Арбааз пытался поддеть ногтем крохотный сучок в доске стола, словно тот был ядовитой мошкой, способной ужалить.

– Жизнь на Западе сделала тебя мягкотелым. Потому-то братство в Лондоне практически сведено на нет и вы с Джорджем – просто бунтовщики, пытающиеся воевать с крепкой, сплоченной армией тамплиеров.

Ты слаб, Итан. Ты и Джордж позволили английскому братству превратиться в нечто бесхребетное. У вас это называется прогрессивной политикой. И теперь ты думаешь, что я позволю тебе распространить ее и на нас?

Итан подался вперед:

– Арбааз, речь сейчас идет не о противостоянии тамплиеров и ассасинов. Речь идет о Джайдипе.

Арбааз отвел глаза и помрачнел:

– Слушая тебя, я еще отчетливее понимаю, что он должен заплатить сполна за свое…

– За что?

– Неподобающее поведение. – Арбааз заговорил громче. – Да, неподобающее поведение, неумелость и небрежение.

– Но за это его незачем казнить.

– Ты так считаешь? Ты приехал ходатайствовать о помиловании?

Итан пожал плечами:

– Не стану скрывать.

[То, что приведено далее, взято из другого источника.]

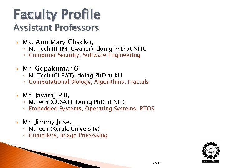 Faculty Profile Assistant Professors Ms. Anu Mary Chacko, Mr. Gopakumar G Mr. Jayaraj P B, Mr. Jimmy Jose, ◦ M. Tech (IIITM, Gwalior), doing Ph. D at NITC ◦ Computer Security, Software Engineering ◦ M. Tech (CUSAT), doing Ph. D at KU ◦ Computational Biology, Algorithms, Fractals ◦ M. Tech (CUSAT), Doing Ph. D at NITC ◦ Embedded Systems, Operating Systems, RTOS ◦ M. Tech (Kerala University) ◦ Compilers, Image Processing CSED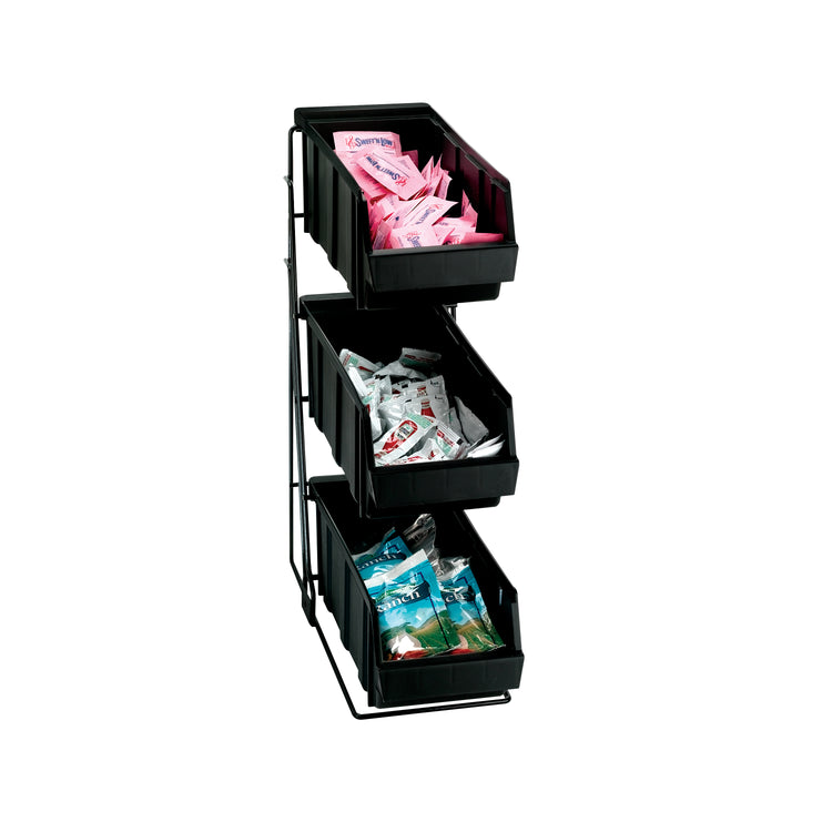The Dispense Rite WR-COND-3 Packeted Condiment Organizer Wire Rack is a commercial-grade condiment storage solution designed for high-traffic foodservice environments. Crafted by Dispense-Rite, this countertop bin rack features three individual sections with removable plastic bins, providing organized and efficient condiment accessibility. Its durable wire construction ensures longevity in busy kitchens, making it suitable for restaurants, cafeterias, and catering operations. Measuring 18-3/8 inches in height, 5-3/4 inches in width, and 15-3/4 inches in depth, this black condiment organizer optimizes countertop space while maintaining easy-standing access and quick refilling for streamlined workflow.

Я действительно приехал ходатайствовать о его помиловании, но ты ошибаешься, считая меня мягкотелым и выступающим против жесткой позиции, которую занимаешь ты. Совсем наоборот. Я восхищаюсь твоей внутренней силой и решимостью. Как-никак мы говорим не просто о члене братства, а о твоем сыне. Я не помню случая, чтобы кто-то из ассасинов оказывался в столь трудном положении, в каком оказался ты, когда это положение вынуждает тебя ставить долг выше интересов семьи.

Арбааз бросил на друга резкий косой взгляд, будто сомневаясь в искренности слов Итана. Увидев, что Фрай не лукавит, индиец немного обмяк, и на его лице проступили морщины.

– Я теряю сына и жену, – с нескрываемым отчаянием признался Арбааз. – Пьяра больше не посмотрит в мою сторону. Она недвусмысленно высказалась на этот счет.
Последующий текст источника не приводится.